I have the iids $\ X_1,X_2, … , X_n$ with pmf $\ P(X_i = x_i) = {{m}\choose{x_i}}\theta^{x_i}(1-\theta)^{m-x_i}, 0 \leq x_i \leq m$
I have the unbiased estimator $\ X_1/m$, the sufficient statistic $T = \sum X_i $ and I want to use Rao-Blackwell to find another unbiased estimator for $\theta$.
So I do $\theta' = E(X_1/m \vert {T}) $
$ = 1/m \sum k P(X_1 = k \vert T = t) = 1/m \sum k{{m}\choose{k}}{{mn-m}\choose{t-k}}/{{mn}\choose{t}} $
But then I can't evaluate this sum. Have I gone wrong?
Best Answer
Update based on whuber's comment.
First some notation. Let $T_{-1} = \sum_{i=2}^nX_i$ and note that $T \sim Binom(nm, \theta)$ and $T_{-1} \sim Binom((n-1)m, \theta)$. Moreover, note that $X_1$ and $T_{-1}$ are independent.

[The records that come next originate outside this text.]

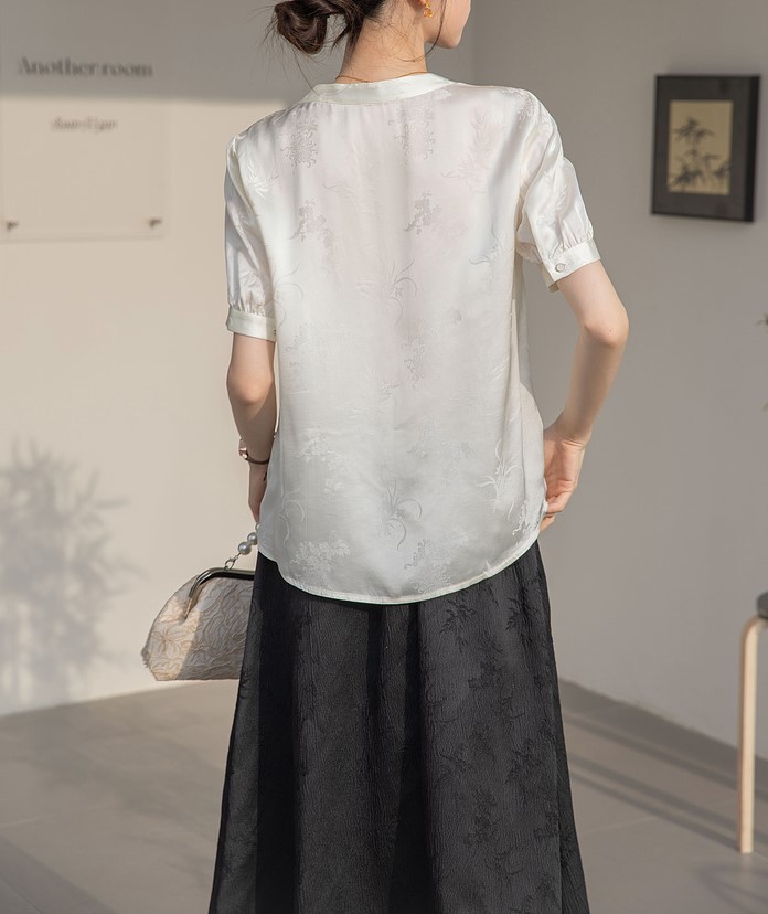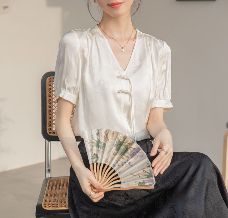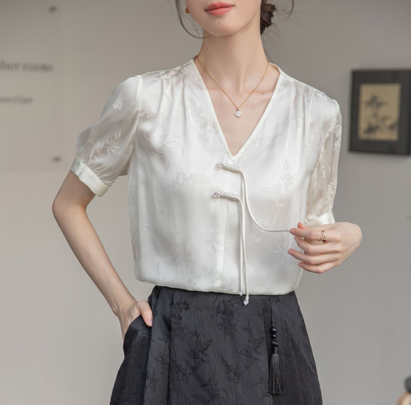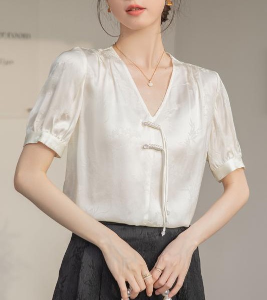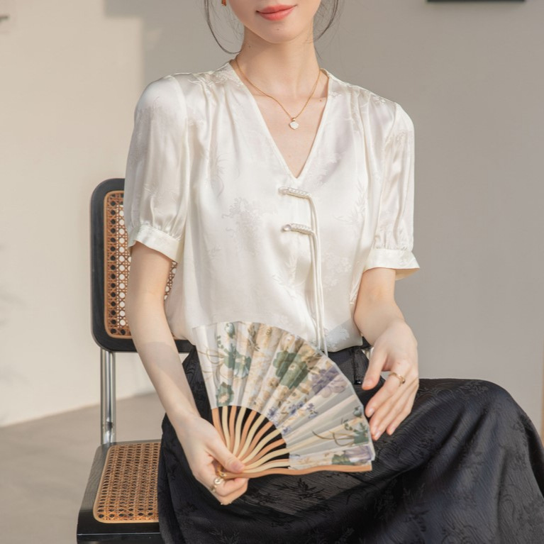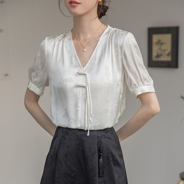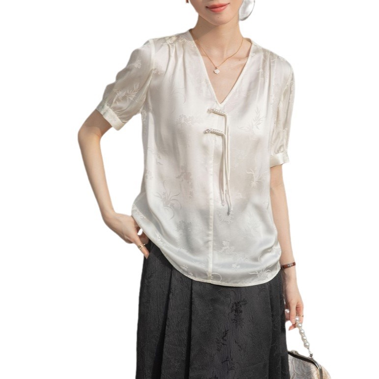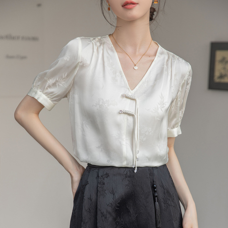 新中式v领醋酸缎面衬衫夏季女2025新款国风复古盘扣上衣短袖小衫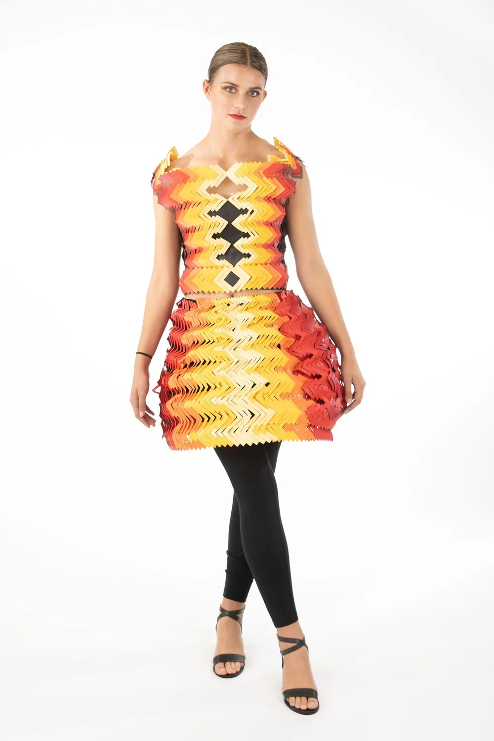 ‘Fire in My Soul’ is inspired by the fire that burns within each one of us fuelling our passions and desires. Individual pieces are ‘knit’ together without any visible seams and form an airy, fluid sculpture that forms to the body. Fire in My Soul uses texture and pattern to capture the energy that starts deep in our core and radiates throughout our body.’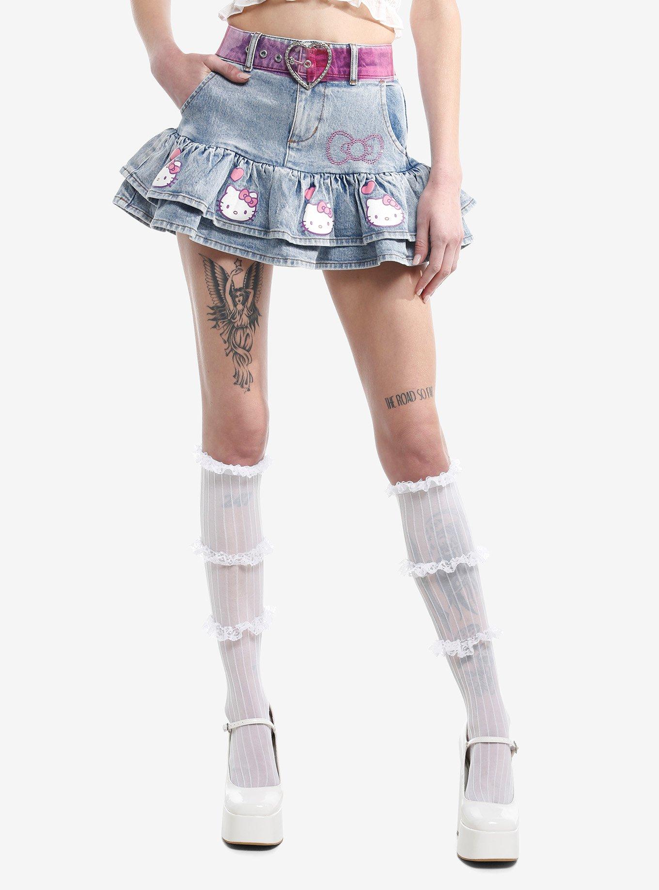 Hello Kitty Pink Heart Belt Denim Mini Skirt Hot Topic Very well made.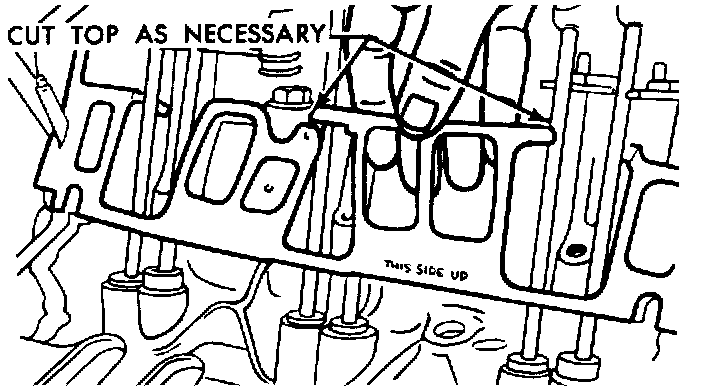 2. Install new intake gaskets on cylinder heads. Hold in place by extending ridge RTV bead up 6mm onto the gasket ends. The new intake gaskets will have to be cut, where indicated, to install behind push rods. Cut only those areas that are necessary.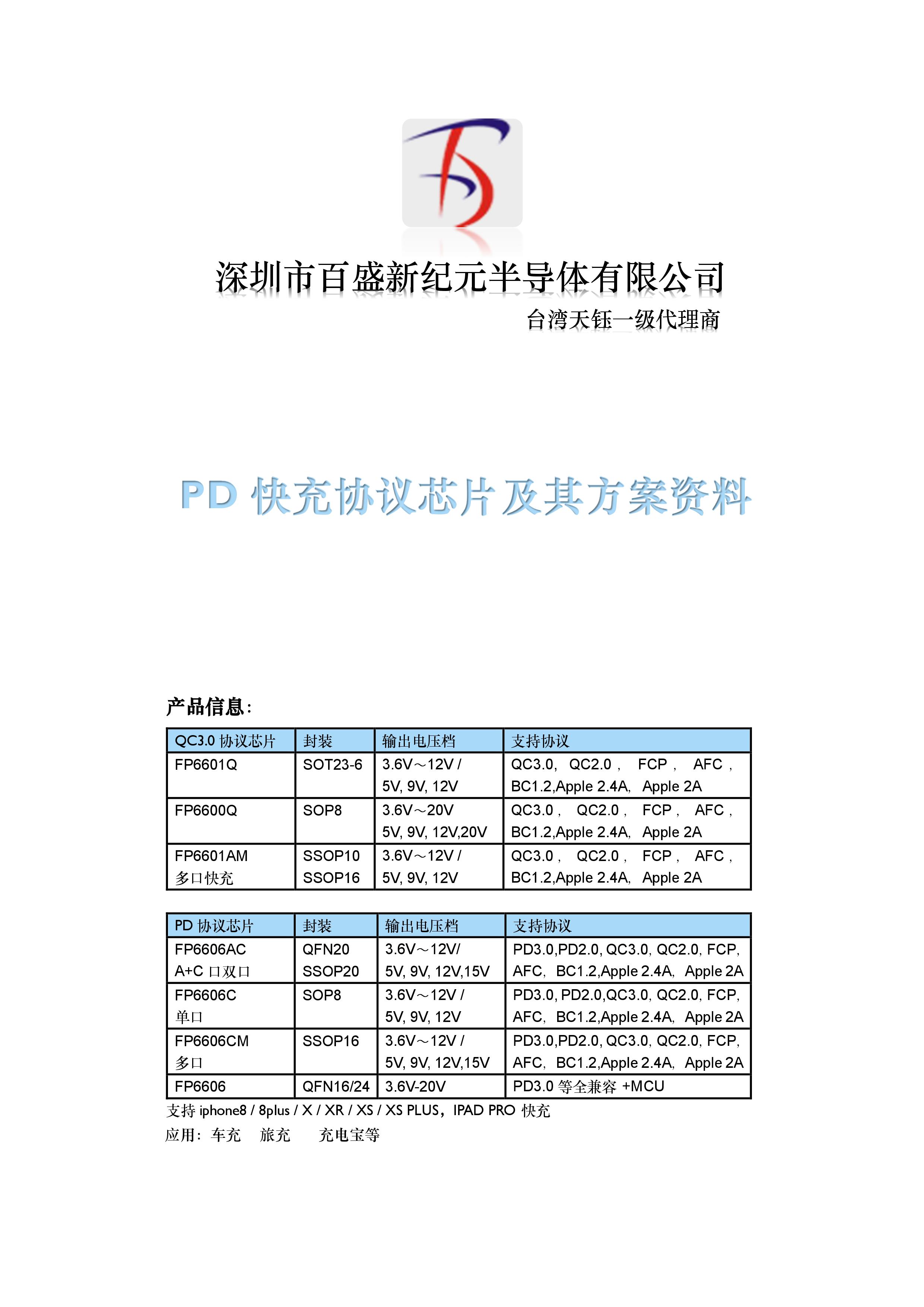 搭配FP6606C PD快充協(xié)議IC 和QC3.0快充協(xié)議IC-FP6601Q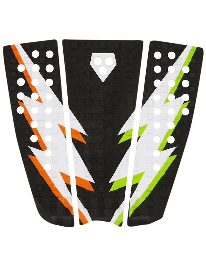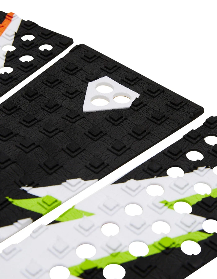 Designed for the professional Kyuss King surfer, the 3-piece Traction Pad features a broad Saber pad with multi-layered Aztec grooves for unprecedented traction in the water.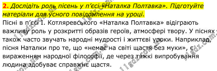 Дослідіть роль пісень у п’єсі «Наталка Полтавка». Підготуйте матеріали для усного повідомлення на уроці. Пісні в п’єсі І. Котляревського «Наталка Полтавка» відіграють важливу роль у розкритті образів героїв, атмосфері твору. У піснях також часто звучать народні мудрості і життєві уроки. Наприклад, пісня Наталки про те, що «немає на світі щастя без муки», є вираженням народної філософії, де через тяжкі випробування людина здобуває справжнє щастя.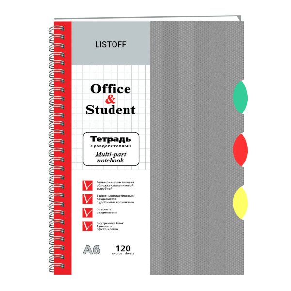 Тетрадь 120л А6 клетка/гребень "Серая" пластик, раздел. ТПР612037 Listoff

\begin{align*} \phi(T) &= E(X_1/m |T =t) \\ &= \frac{1}{m}E(X_1|T=t) \\ &= \frac{1}{m}\sum_{x=0}^m xP(X_1=x|T=t) \\ &= \frac{1}{m}\sum_{x=0}^m x\frac{P(X_1=x \cap T=t)}{P(T=t)} \\ &= \frac{1}{m}\sum_{x=0}^m x\frac{P(X_1=x \cap T_{-1}=t-x)}{P(T=t)} \\ &= \frac{1}{m}\sum_{x=0}^m x\frac{P(X_1=x)P(T_{-1}=t-x)}{P(T=t)} \\ &= \frac{1}{m}\sum_{x=0}^m x\frac{\binom{m}{x}\theta^x(1-\theta)^{m-x}\binom{(n-1)m}{t-x}\theta^{t-x}(1-\theta)^{(n-1)m-t+x}}{\binom{nm}{t}\theta^t(1-\theta)^{nm-t}} \\ &= \frac{1}{m}\sum_{x=0}^m x\frac{\binom{m}{x}\binom{nm -m}{t-x}}{\binom{nm}{t}} \\ &= \frac{1}{m}\sum_{x=0}^m x f(x;nm, m, t) \quad\text{where $f$ is the pmf of a hypergeometric random variable}\\ &= \frac{1}{m}E(X) \quad \text{where $X$ is a hypergeometric rv} \\ &= \frac{1}{m}\frac{tm}{mn} = \frac{t}{mn} \end{align*}
Recalling that $t$ is the value of $T$, we get $\hat\theta_{UMVUE} = \frac{T}{nm}$ as expected.